The "it" Mrs Langley had to live with was constant, grinding pain, the legacy of a bad fall almost five years before. She had slipped on a highly polished floor at the primary school where she was a teacher. She was left facing permanent physical disablement and life in a wheelchair. "After three years I went back to work - but I couldn't manage. It wasn't anything to do with the wheelchair. It was the pain."
Looking at Mrs Langley now, wheelchair-bound but confident, lively and smiling, it is hard to believe that she was ever ground down by depression, anxiety and pain. But hearing the consultant dismiss any shred of hope triggered an overwhelming depression that led to suicidal feelings.

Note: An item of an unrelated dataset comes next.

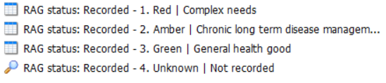 - Patients whose subsequent coded data suggest their current RAG status may no longer be appropriate and require review

"I know now that the emotional pain of despair makes physical pain even worse," she says. "Keeping up the facade, hiding the pain and depression from other people, is exhausting. I have found that tackling that emotional pain can be the first step to coping with the physical sort."
Now Mrs Langley, 65, runs Unwind, a non-profit-making international network of support for pain and stress, publishing tapes and books used by thousands of people, and their medical advisers. She is in daily contact with sufferers through her helpline, with other support groups and with physicians and surgeons all over the world.
Mrs Langley's work developed out of her own struggle to find a way out of her pain, knowing that the medical route was closed. With the constant support of her family, she read about some of the mainly American techniques of pain management. She learnt about relaxation techniques to cope with stress and anxiety and researched whole areas of complementary medicine and self-help systems.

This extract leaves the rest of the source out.